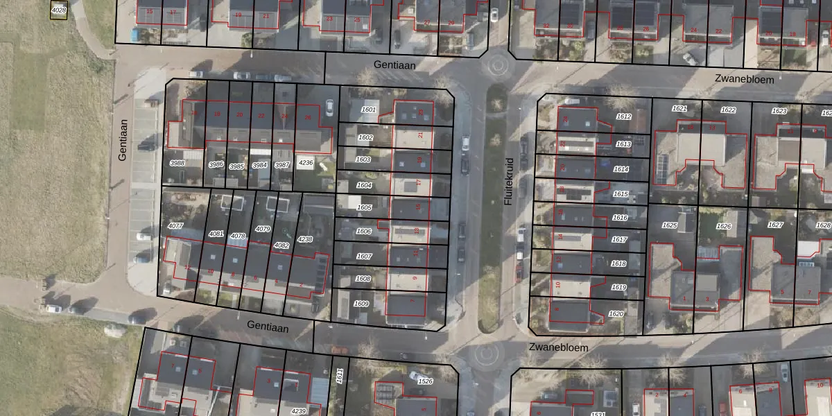 Gebruik de zoekbalk of klik op een perceel voor informatie over de adressen binnen dit perceel.
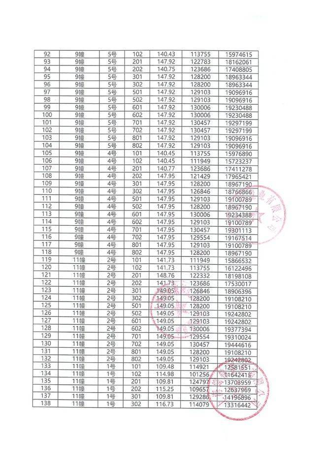 一房一价表如下:
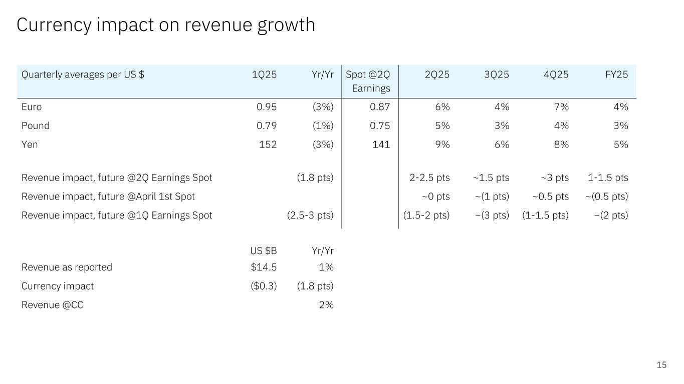 Cash flow and balance sheet highlights 14 $ in billions *Non-GAAP financial measure; excludes Financing receivables **Non-GAAP financial measure; adjusts for Financing receivables and net capital expenditures Cash flow 1Q25 Yr/Yr Net cash from operations* $2.3 $0.0 Free cash flow** $2.0 $0.1 Select uses of cash 1Q25 Yr/Yr Net capital expenditures $0.3 ($0.0) Acquisitions $7.1 $7.0 Dividends $1.5 $0.0 Balance sheet Mar 25 Dec 24 Mar 24 Cash & marketable securities $17.6 $14.8 $19.3 Total debt $63.3 $55.0 $59.5 Select debt measures Mar 25 Dec 24 Mar 24 IBM Financing debt $10.0 $12.1 $9.9 Core (non-IBM Financing) debt $53.3 $42.9 $49.6
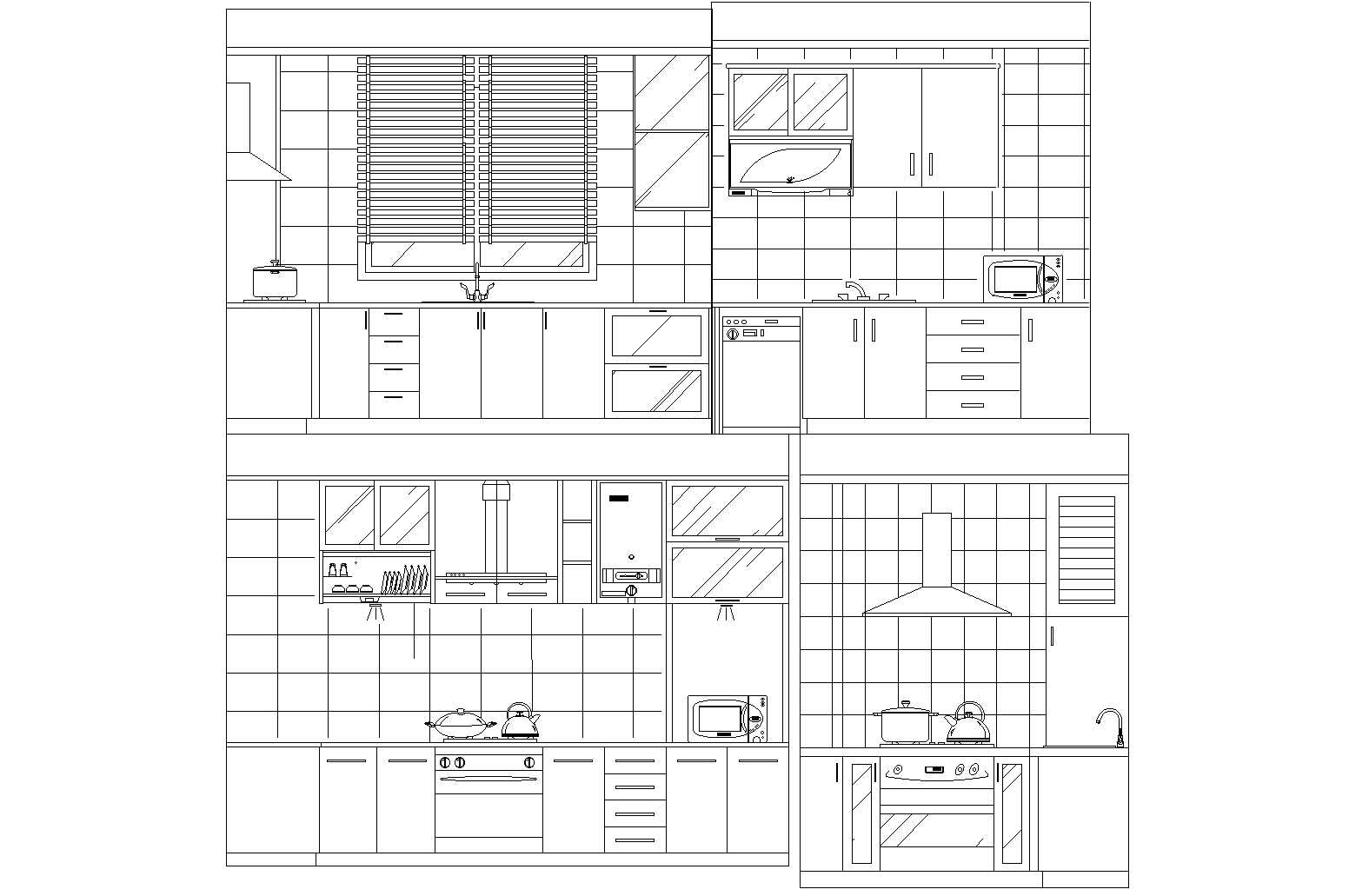 Kitchen plan with options. 2D view of Kitchen plan details with drawers, sink, micro-oven, etc., Plan and elevations of the front, sided view with fully furnished kitchen.
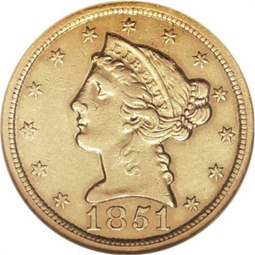 <B>1851-O $5 AU55 NGC.</B></I> This No Motto O-mint five is refreshingly unabraded aside from a faint thin vertical mark near the profile. Liberty's curls and the eagle's neck and fletchings lack a full strike, but peripheral elements such as the stars and dentils are boldly brought up. A mere 41,000 pieces were struck, and unimpaired survivors are scarce. Census: 12 in 55, 24 finer (7/07).<BR><BR><B>Coin Engraver:</B> Christian Gobrecht<BR><BR><b>Shipping:</b> Coins & Currency (<a target="_blank" href="http://www.heritageauctions.com/common/shipping.php">view shipping information</a>)
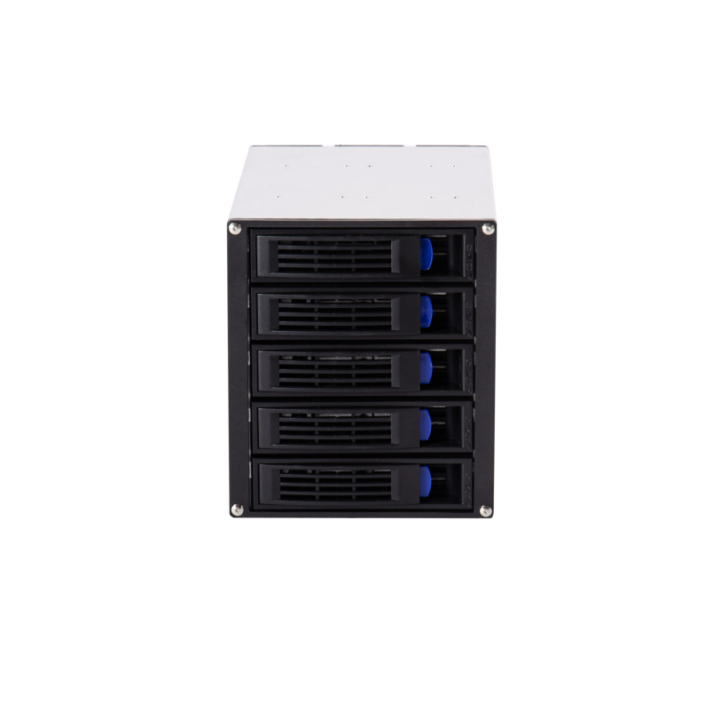 5.模组占用3个5.25〞 扩展位(光驱位),提供5个热插拔硬盘托架;
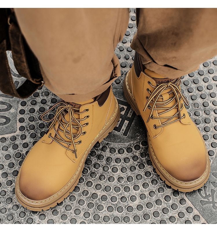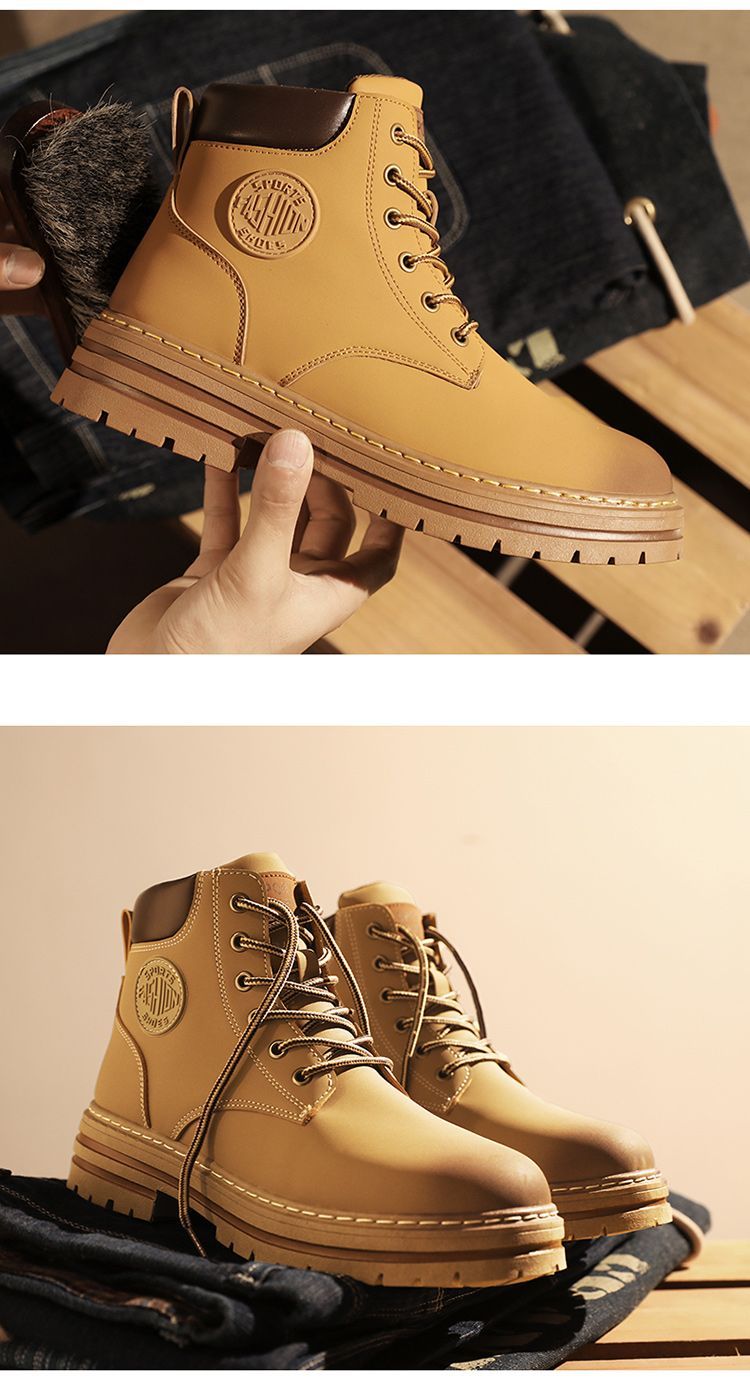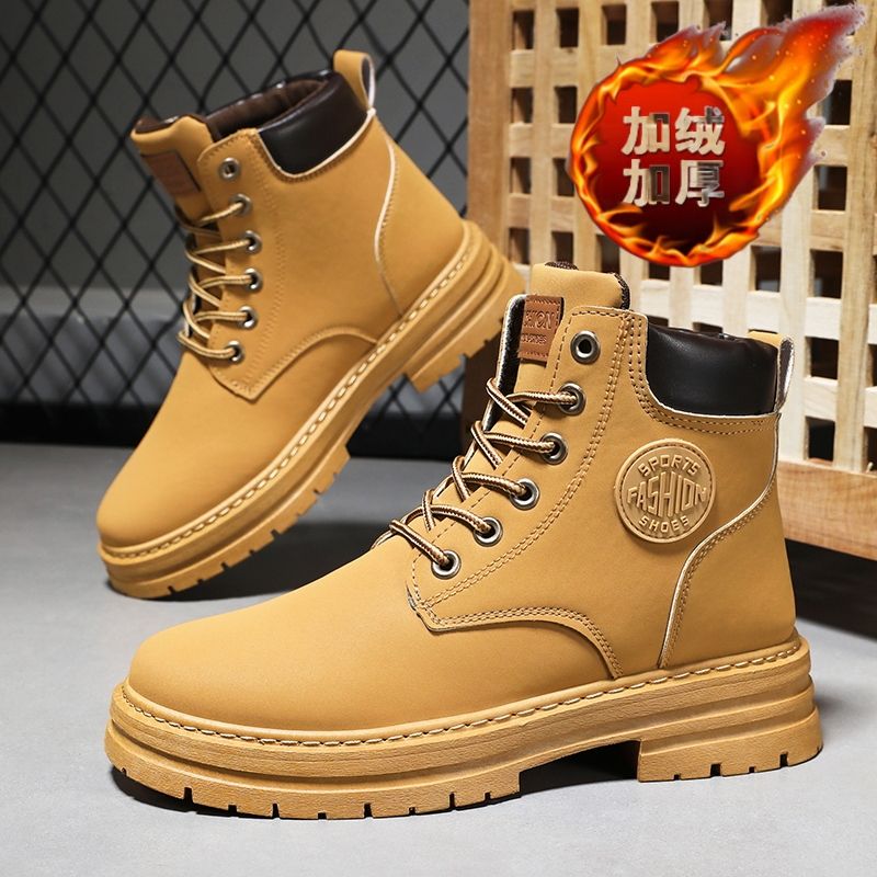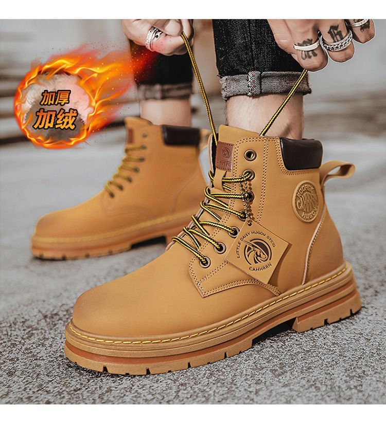 鞋子男款大棉鞋马丁大黄靴男秋冬厚底切尔西英伦风工装靴防水防滑

++++++++

- REQUIRED ACTION: A word-for-word copy of the listing is needed. It must not include the pictures.

- EXERCISE OUTPUT:
 Gebruik de zoekbalk of klik op een perceel voor informatie over de adressen binnen dit perceel.
 一房一价表如下:
 Cash flow and balance sheet highlights 14 $ in billions *Non-GAAP financial measure; excludes Financing receivables **Non-GAAP financial measure; adjusts for Financing receivables and net capital expenditures Cash flow 1Q25 Yr/Yr Net cash from operations* $2.3 $0.0 Free cash flow** $2.0 $0.1 Select uses of cash 1Q25 Yr/Yr Net capital expenditures $0.3 ($0.0) Acquisitions $7.1 $7.0 Dividends $1.5 $0.0 Balance sheet Mar 25 Dec 24 Mar 24 Cash & marketable securities $17.6 $14.8 $19.3 Total debt $63.3 $55.0 $59.5 Select debt measures Mar 25 Dec 24 Mar 24 IBM Financing debt $10.0 $12.1 $9.9 Core (non-IBM Financing) debt $53.3 $42.9 $49.6
 Kitchen plan with options. 2D view of Kitchen plan details with drawers, sink, micro-oven, etc., Plan and elevations of the front, sided view with fully furnished kitchen.
 <B>1851-O $5 AU55 NGC.</B></I> This No Motto O-mint five is refreshingly unabraded aside from a faint thin vertical mark near the profile. Liberty's curls and the eagle's neck and fletchings lack a full strike, but peripheral elements such as the stars and dentils are boldly brought up. A mere 41,000 pieces were struck, and unimpaired survivors are scarce. Census: 12 in 55, 24 finer (7/07).<BR><BR><B>Coin Engraver:</B> Christian Gobrecht<BR><BR><b>Shipping:</b> Coins & Currency (<a target="_blank" href="http://www.heritageauctions.com/common/shipping.php">view shipping information</a>)
 5.模组占用3个5.25〞 扩展位(光驱位),提供5个热插拔硬盘托架;
 鞋子男款大棉鞋马丁大黄靴男秋冬厚底切尔西英伦风工装靴防水防滑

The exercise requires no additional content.